Modified Euler's Method


Description

Modified Euler's Method is just the extended version of Euler's Method to increase the accuracy of the approximate solution.
    It's recommended for you to go through Euler's Method.
The approximate value of y1 of y for x = x1 = x0 +h by Euler's method is given by 
                y1 = y+ hf(x0, y0)
so in edition to attend more accuracy we repeat the below formula, 
                y1(1) = y0 + h/2[ f(x0, y0) + f(x1, y1) ]
                y1(2) = y0 + h/2[ f(x0, y0) + f(x1, y1(1))]
                ...
in pan and paper process continues untill two value coincides now we have value of y1
                y2 = y1 + hf(x1, y1)
repeat the above process for y2
                y2(1) = y1 + h/2[ f(x1, y1) + f(x2, y2) ]
                y2(2) = y1 + h/2[ f(x1, y1) + f(x2, y2(1))]
                ...
  • Correctness

  • Programming implementation of modified Euler's Method in C++
#include<iostream>
#include<math.h>
using namespace std;

double f(double x,double y){
    return x+y;  // dy/dx = x + y
}
double f1(double x,double y){
    return log2(x+y);
}
int main(){
    // COde for solving Ordinary differential equations
    //     dy/dx = f(x,y) 
    //Define your equation

    //Given y(x0) = y0
    //Need to find y(xn) = yn
    double x0,y0;
    double xn,yn;

     cout<<"Provide initial (x0,y0) whose differential equ is defined:";
     cin>>x0>>y0;
     cout<<"Enter the value of x for which you need to find out the y=?:";
     cin>>xn;

     double h = (xn-x0)/5;
     yn = y0;
     for(double xi = x0;xi < xn; xi += h){
         cout<<xi<<" "<<yn<<endl;
         double YnPrevious = yn;

         yn = yn + h*f(xi , yn);
         for(int i=0;i<5;i++){
             yn = YnPrevious + h*( f(xi,YnPrevious) + f(xi+h,yn))/2;
         }
     //  Yn = Yn-1 + h*f(Xn-1,Yn-1) 
     }

     printf("Value of y at x=%f is %0.4f when h: %f\n",xn , yn, h);
    return 0;
}
  • Code Execution for dy/dx = x + y ,y(0) =1 ,for x=0.3
Provide initial (x0,y0) whose differential equ is defined:0 1
Enter the value of x for which you need to find out the y=?:0.3
0 1
0.06 1.06371
0.12 1.13507
0.18 1.21456
0.24 1.30268
Value of y at x=0.300000 is 1.4000 when h: 0.060000
    Note: In code, h is defined constant depending upon interval size, but you can change as h cause accuracy difference, try out the code for other functions. 


Euler's Method


Description


Consider a defferential equation dy/dx = f(x,y) with initial condition y = y0 when x = x0, suppose we want to find y for x = xn.
    First we divide the interval [x0,xn] into n equal parts. x0, x1 = x0 +h , x2 = x0 + 2h, .. , xn where h is small. Using the equation of tangent at point (x0, y0)
            y - y0 = dy/dx * (x - x0)  where dy/dx = f(x0,y0)
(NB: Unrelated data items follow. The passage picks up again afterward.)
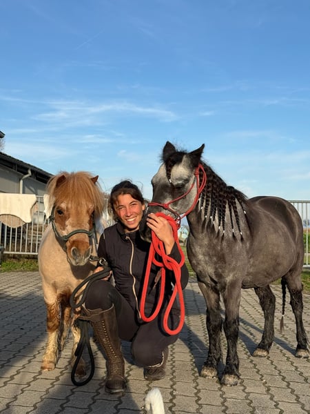 Zu vermitteln: Dieser kleine Shetty- Wallach namens „THEO“ sucht ein neues Zuhause! Er darf bei mir gerade ein paar Auffrischungs-Einheiten erhalten im Führtraining, Longieren, Reiten (geführt, mit kleinen Reitern natürlich) sowie als Handpferd raus ins Gelände! Er steht brav am Anbindeplatz, lässt sich gut die Hufe geben und bearbeiten, überall Putzen, kennt Longiergurt & Pad (wir haben keinen passenden Sattel für solch ein kleines Pferdchen hier bei uns) und kennt die Dusche sowie Scheren (er ist bei uns eingedeckt wegen der neuen „Frisur“). Er wurde schon bevor er zu uns kam geritten, hatte aber länger Pause. Er ist sehr anständig mit Reiter drauf, hat aber sehr viel Energie und ist definitiv ein sportliches und sehr fittes Shetty! Er stand lange mit einem älteren Pferd zusammen und hat sich sehr an dieses gebunden. Bei mir durfte er ab und an mit meinem Shettywallach und einem größeren Pony zusammen auf den Paddock zum Spielen. Er ist sehr aufgeregt mit anderen Pferden, spielt absolut gerne und ist ungern in Einzelhaltung. Mit Stuten verhält er sich etwas hengstig, er wurde mit 5 Jahren kastriert. Für eine Reitschule oder einen kleinen Betrieb für Ausritte & Longenstunden kommt er sicherlich gut in Frage! Als reines Freizeit- Kinderpony hat er etwas zu viel Go. Stockmaß 90cm. 16 Jahre. Keine AKU vorhanden. Keine Rehe, stand auch beim Vorbesitzer auf der Weide ohne Probleme Steht aktuell bei uns in der Box und bekommt Heu im Heunetz. Er wurde regelmäßig entwurmt sowie geimpft. Mehr Infos gerne per pn.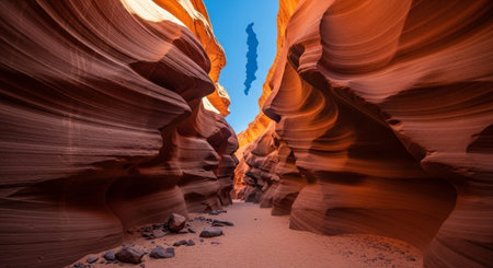 Antelope Canyon in Arizona, USA. Unusual colorful sandstone formations in deserts of Arizona are popular destination for hikers.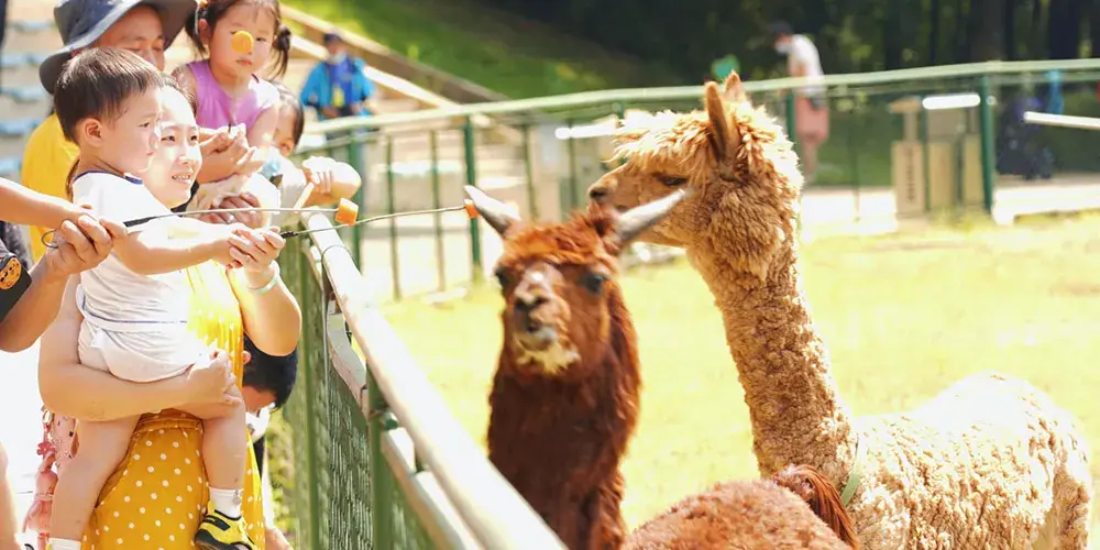 建有白鴿廣場、孔雀園、天鵝湖、草食動物區等多處動物親密互動區,可親自當一次飼養員,給它們餵食、合影留念,感受人與動物和諧相處。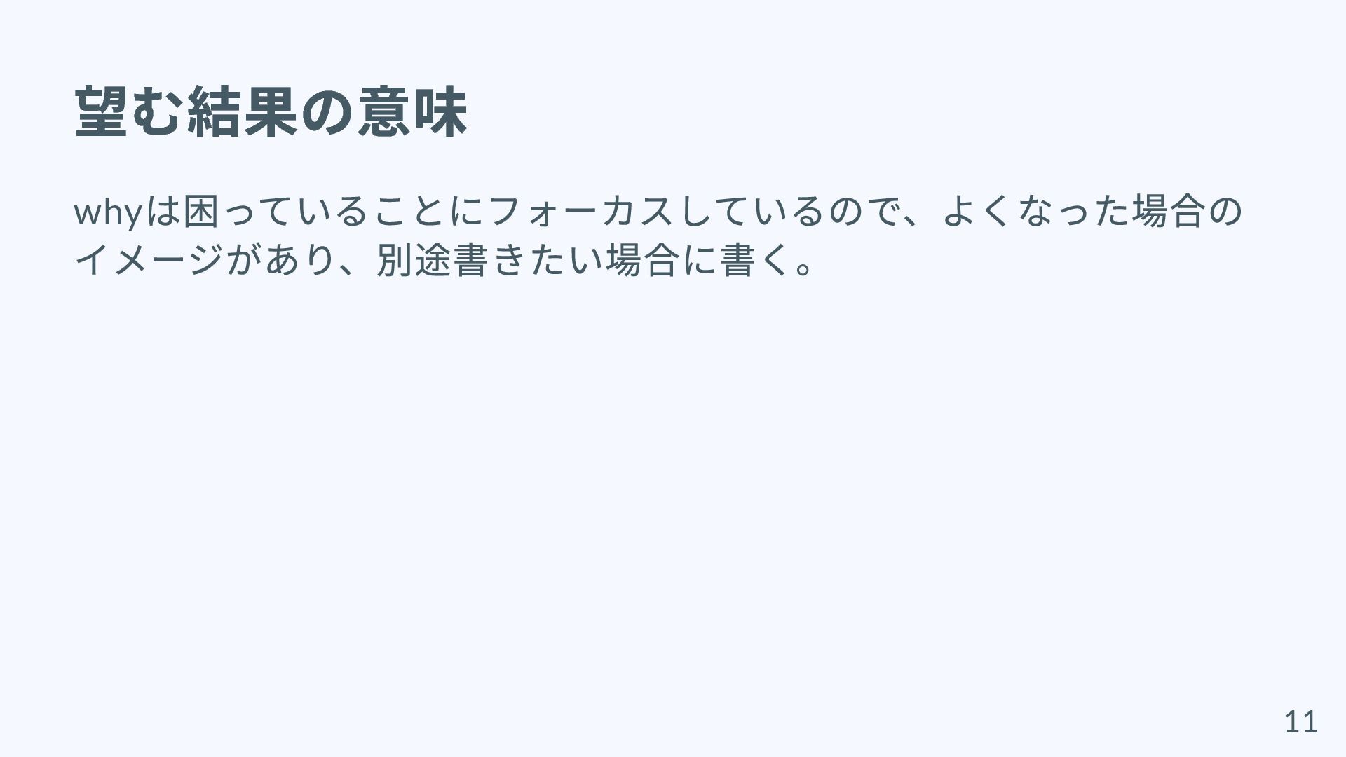 望む結果の意味 why は困っていることにフォーカスしているので、よくなった場合の イメージがあり、別途書きたい場合に書く。 11
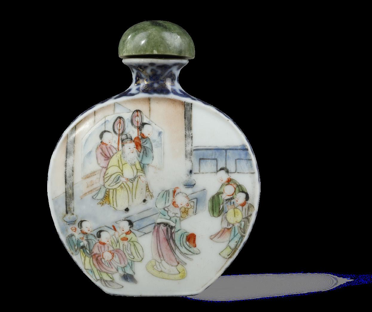 Tabatière en porcelaine polychrome à décor de personnages évoluant devant un Empereur : une scène de danse et la cueillette des lotus, scène traditionnelle à laquelle prend habituellement part l’Impératrice et qui a lieu à la Cité Interdite, dans des panneaux sur chaque face, la tranche et le col ornés de rinceaux de fleurs en bleu de cobalt sous couverte.

In the small interval [x0, x1] or [x0, x0+h]  we approximate the solution curve by the tangent, So the approximate value of y1 at point y1 can be given by
            y1 - y0 = f(x0, y0)( x0 + h - x0)
            y1 = y0 + hf(x0, y0)
Similarly
            y2 = y+ hf(x1, y1)
            ...
            yn = yn-1 + hf(xn-1, yn-1)
            


In the Euler's method we approximate the solution curve by tangent in each subinterval by a sequence of short lines and therefore unless h is very small the error is bound to be quite significant. 
  • Programming implementation of Euler's Method in C++
#include<iostream>
#include<math.h>
using namespace std;

double f(double x,double y){
    return x+y;  // dy/dx = x + y
}
double f1(double x,double y){
    return log2(x+y);
}
int main(){
    // COde for solving Ordinary differential equations
    //     dy/dx = f(x,y) 
    //Define your equation

    //Given y(x0) = y0
    //Need to find y(xn) = yn
    double x0,y0;
    double xn,yn;

     cout<<"Provide initial (x0,y0) whose differential equ is defined:";
     cin>>x0>>y0;
     cout<<"Enter the value of x for which you need to find out the y=?:";
     cin>>xn;

     double h = (xn-x0)/5;
     yn = y0;
     for(double xi = x0;xi < xn; xi += h){
         cout<<yn<<endl;
         yn = yn + h*f(xi , yn);
     //  Yn = Yn-1 + h*f(Xn-1,Yn-1) 
     }

     printf("Value of y at x=%f is %0.4f when h: %f\n",xn , yn, h);
    return 0;
}
  • Code execution for dy/dx = x + y ,y(0) = 1 ,finding y for x = 0.1
Provide initial (x0,y0) whose differential equ is defined:0 1
Enter the value of x for which you need to find out the y=?:0.1
1
1.02
1.0408
1.06242
1.08486
Value of y at x=0.100000 is 1.1082 when h: 0.020000

    Note: In code their h is defined constant, change it if needed as accuracy completely dependent on the value of h.